In a quiet laboratory in Innsbruck, a team of physicists has just opened a door that scientists have been knocking on for years. Led by Francesca Ferlaino, working alongside collaborators in Turin, researchers have proposed a new theoretical framework that predicts seven exotic phases of matter emerging from ultracold magnetic atoms—and including one state that has never been experimentally realized before.

The work, published in Nature Communications, centers on lanthanide atoms—specifically erbium and dysprosium—chilled to nearly absolute zero and trapped in a one-dimensional optical lattice. These atoms carry unusually large magnetic moments, which gave the team something precious: independent control over three key parameters that govern how quantum particles behave. They could tune how particles hop between lattice sites, how their spins interact, and how strongly they repel one another—all at once, something that hasn't been achievable with conventional atomic systems before.

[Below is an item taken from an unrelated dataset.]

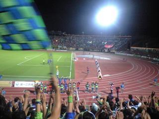 先週の観客動員、1万人作戦には及びませんが、その効果もあってか、この日もなかなかの観客の入り。早々に空けられた両ゴール裏も、甲府側から結構人が入って参ります。今節はコレオが無いため、開始前の慌ただしさも無く、いつもの仲間も試合に集中できる中、キックオフされた試合は、両チームのこの試合にかける意気込みが感じられる、玉際の攻防に厳しさの感じられるものでした。

"This exotic state of matter, in which topological order and and superconductivity are deeply intertwined, has not previously been experimentally realized," says lead author Leonardo Giacomelli, who works in Ferlaino's group at the University of Innsbruck. The state he and his colleagues are calling a topological triplet superconductor, it combines two remarkable phenomena into one: lossless electrical transport and topological order, a quantum condition that is unusually robust against environmental noise. That resilience is precisely what makes it so compelling for quantum computing, where errors are the persistent enemy.

Luca Barbiero from the Politecnico di Torino, who co-led the research, emphasizes that the team hasn't just predicted this phase—they've mapped out a detailed, step-by-step protocol for actually creating and detecting all seven predicted phases using existing quantum gas microscopy techniques. No far-future technology is required.

"Our study presents a concrete step toward a deeper understanding of the intriguing states of matter emerging in strongly interacting fermionic quantum matter," says Ferlaino. "The proposed platform is directly compatible with existing experimental setups, which is particularly relevant given that topological superconductors are among the most promising candidates for fault-tolerant quantum computing."

The work was conducted at the University of Innsbruck's Department of Experimental Physics and at the Institute for Quantum Optics and Quantum Information of the Austrian Academy of Sciences. For Giacomelli and the team, the next step is watching these predictions become reality in hardware—and that moment may be closer than the field has dared to hope.